Closed qshian closed 3 years ago
@qshian We benchmarked 0.10.0 with tf-java, we didn't see any difference. We made significant changes in 0.11.0-SNAPSHOT due to tf-java memory leak issue, and we still work on it.
Would you please share you benchmark script so we can try to reproduce your test?
@qshian 可以加我微信帮你看看benchmark的部分:lankingsonic
We identified a recent change that causing the performance issue, already raised the PR to revert that change:
https://github.com/deepjavalibrary/djl/pull/909
Will keep monitoring on the newer change to avoid similar issues.

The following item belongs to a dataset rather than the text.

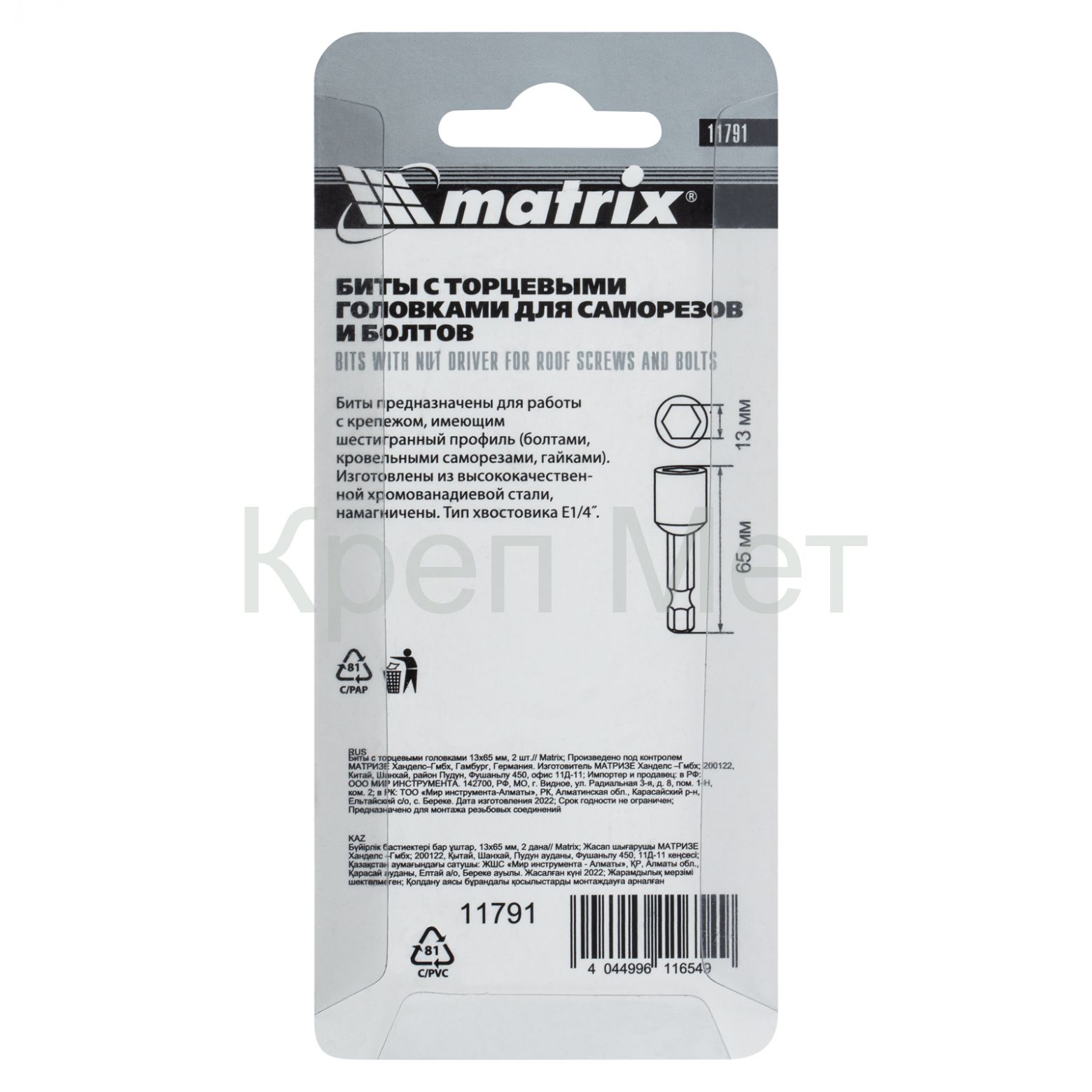 - Биты с торцевыми головками 13 мм, 65 мм, 2 шт. Matrix

@qshian I did benchmark test between tf-java and DJL, and I got completely opposite result as your test.
DJL
git clone https://github.com/deepjavalibrary/djl.git
cd djl
./gradlew benchmark -Dai.djl.default_engine=TensorFlow --args='-n mobilenet -c 10000 -t 16 -s 1,224,224,3'
TF-Java
git clone https://github.com/frankfliu/djl.git -b tf-benchmark
cd djl
./gradlew benchmark -Dai.djl.default_engine=TensorFlow --args='-n mobilenet -c 10000 -t 16 -s 1,224,224,3'
Throughput | Latency P50 (ms) | Latency P90 (ms) | Latency P99 (ms) | |
---|---|---|---|---|
DJL | 317.65 | 50.182 | 51.172 | 54.370 |
TF-java | 310.59 | 51.829 | 52.822 | 55.172 |
DJL and TF-java has almost identical performance. DJL underneath using TF-java 0.3.1, we don't expect there is significant performance difference. Overall, DJL has slightly higher throughput and better P90 and P99 latency.
Both DJL and TF-java can fully utilize the system resource (100% of all CPUs) in multithreading inference case, the following environment must be configure to get the highest throughput, see: http://docs.djl.ai/docs/development/inference_performance_optimization.html#thread-configuration_1
export OMP_NUM_THREADS=1
export TF_NUM_INTEROP_THREADS=1
export TF_NUM_INTRAOP_THREADS=1
See: https://github.com/deepjavalibrary/djl/blob/master/examples/build.gradle#L78-L79
TF-java rely on java GC to release native tensor memory, while DJL will release the memory immediately in the inference thread. This implementation different will have the following impact:
Feel free to reopen this issue you have further questions.
我们用DJL 0.11.0-SNAPSHOT和tensorflow-core-platform 0.3.1分别测试。 都是通过 jni的方式调用,发现 djl的性能比tensorflow-core-platform差的太多了。